Again, Plaintiff presents a differing interpretation of the evidence in question. Dkt. 13, pp. 14-15. Yet the existence of an alternative interpretation of the evidence, even if reasonable, does not show that the ALJ's interpretation was unreasonable. See Arkansas v. Oklahoma, 503 U.S. 91, 113 (1992) (explaining that the Court should not supplant the agency's findings merely because alternative findings could also be supported by substantial evidence). The “key question is not whether there is substantial evidence that could support a finding of disability, but whether there is substantial evidence to support the Commissioner's actual finding that claimant is not disabled.” Jamerson v. Chater, 112 F.3d 1064, 1067 (9th Cir. 1997). This Court will uphold the ALJ's findings if inferences reasonably drawn from the record support them, even when the evidence is susceptible to more than one rational interpretation. Batson v. Comm'r of Soc. Sec. Admin., 359 F.3d 1190, 1193 (9th Cir. 2004). Here, the ALJ reasonably concluded Ms. Kanaly's opinion was inconsistent with other evidence in the record and substantial evidence supports the ALJ's findings, and Plaintiff does not show error.

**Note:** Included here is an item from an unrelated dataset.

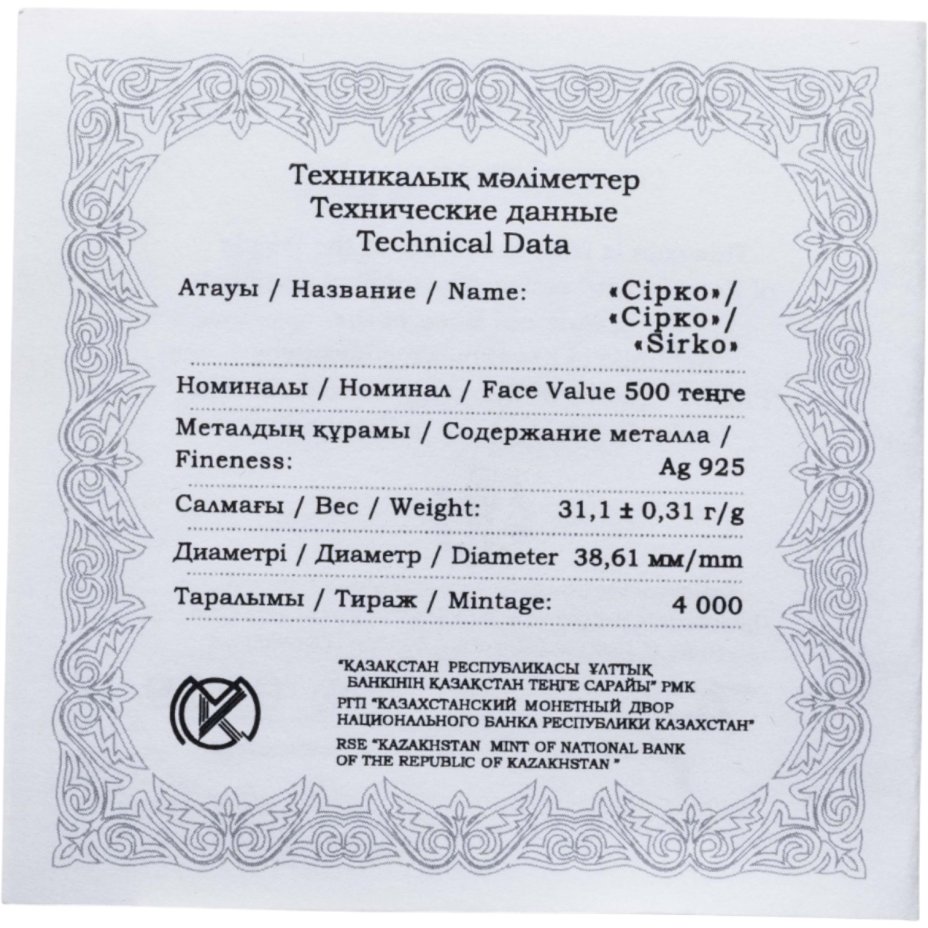 - Тираж: Монетный двор: Усть-Каменогорск, Казахстан; Знак: ҚҰБ; Proof=4000 шт.
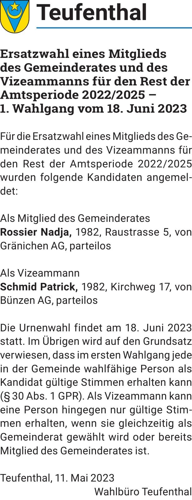 Sie sind hier: Home > Amtliche Mitteilungen > Ersatzwahl eines Mitglieds des Gemeinderates und des Vizeammann

Given that the ALJ provided at least one germane reason for discounting Ms. Kanaly's opinion, the Court need not evaluate the ALJ's other reasons, as any error would be harmless. Presley-Carrillo, 692 Fed.Appx. at 944-45.
II. Whether the ALJ's RFC Determination was Proper
Plaintiff challenges the ALJ's finding that she would be off task for 10% of a workday and absent from work eight times a year. See AR 508. Plaintiff argues that this finding is arbitrary and unsupported by any particular evidence in the record. Dkt. 13, p. 16.
The RFC determination need not directly correspond to a specific medical opinion. Chapo v. Astrue, 682 F.3d 1285, 1288 (10th Cir. 2012). Plaintiff does not establish error in the ALJ's RFC assessment simply by stating that no particular evidence establishes the existence of this limitation. Nor has Plaintiff pointed to evidence credited by the ALJ indicating that she would be off-task for a higher percentage of the workday. In light of Plaintiff's failure to show that the ALJ's RFC assessment is inconsistent with any particular evidence in this respect, Plaintiff has not met her burden of establishing error in the ALJ's decision. See Molina, 674 F.3d at 1111.
In arguing otherwise, Plaintiff cites a decision of the Social Security Appeals Council in an unrelated case, in which the Appeals Council reversed an ALJ's decision on this basis. Dkt. 13, p. 17. However, Plaintiff provides no additional detail about this case. Further, Plaintiff does not cite any authority, and the Court has not identified any authority, to support the proposition that a decision of the Appeals Council has precedential value. Plaintiff's argument is unpersuasive.
CONCLUSION
Based on the foregoing reasons, the Court hereby finds the ALJ properly concluded Plaintiff was not disabled. Accordingly, Defendant's decision to deny benefits is affirmed and this case is dismissed with prejudice.